Casey, his wife and sister are among the 243 buried in The Abbey, built in 1929.

“We keep this in the family,” he said.

Crypts when the mausoleum opened cost between $350 and $400 in the limestone, granite and pink marble structure.

Crowds roamed Woodland in early evening listening to the history of Ironton through the words of the re-enactors.

Gertrude Means Julian, daughter of the famous Means ironmaster family, married William Alexander Julian, an entrepreneur and last man to hold the post of treasurer of the United States under Franklin Delano Roosevelt.

Martha Ellen Johnson fell in love with a preacher, the Rev. Henry D. L. Webster, and wanted to marry, but her future husband was chased away by her sister, fearful the man could not provide the lifestyle the young woman was used to.

Heartbroken the man wrote “Lorena,” a love song, to the young woman that was sung by soldiers on both sides of the Civil War.
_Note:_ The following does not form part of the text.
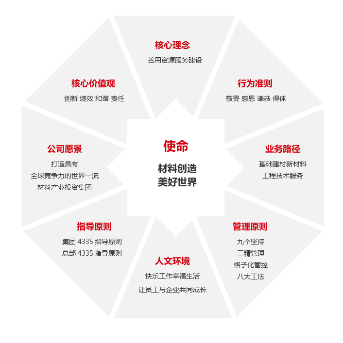 中國建材一路走來,創(chuàng)造了一部不忘初心、艱苦創(chuàng)業(yè)、拼搏奮斗的輝煌歷史。深厚的文化底蘊(yùn)以及高度的國企責(zé)任,鑄就了中國建材集團(tuán)獨(dú)具特色的文化體系。這套文化體系激勵(lì)著中國建材人一路攻堅(jiān)克難、自立自強(qiáng),為國家乃至全世界源源不斷地提供先進(jìn)的產(chǎn)品和專業(yè)的服務(wù),也讓我們從一家草根央企成長為全球最大的綜合性建材產(chǎn)業(yè)集團(tuán)。

Hiram Campbell brought the first persimmon tree to the city, had created stained glass windows valued today at $1.2 million and had President Rutherford B. Hayes to dinner.

And then there is Nannie Kelley Wright, the grande dame of Ironton and the historical walk, portrayed by Kay Rader. Nannie, who was once the second richest woman in the world and the only woman ironmaster, crossed the Atlantic 14 times, was presented at the Court of St. James and married a man 15 years her junior.

“When I died Min Grimes (of The Tribune) wrote of me, “her life was one of bold adventure,” Rader said. “And it was.”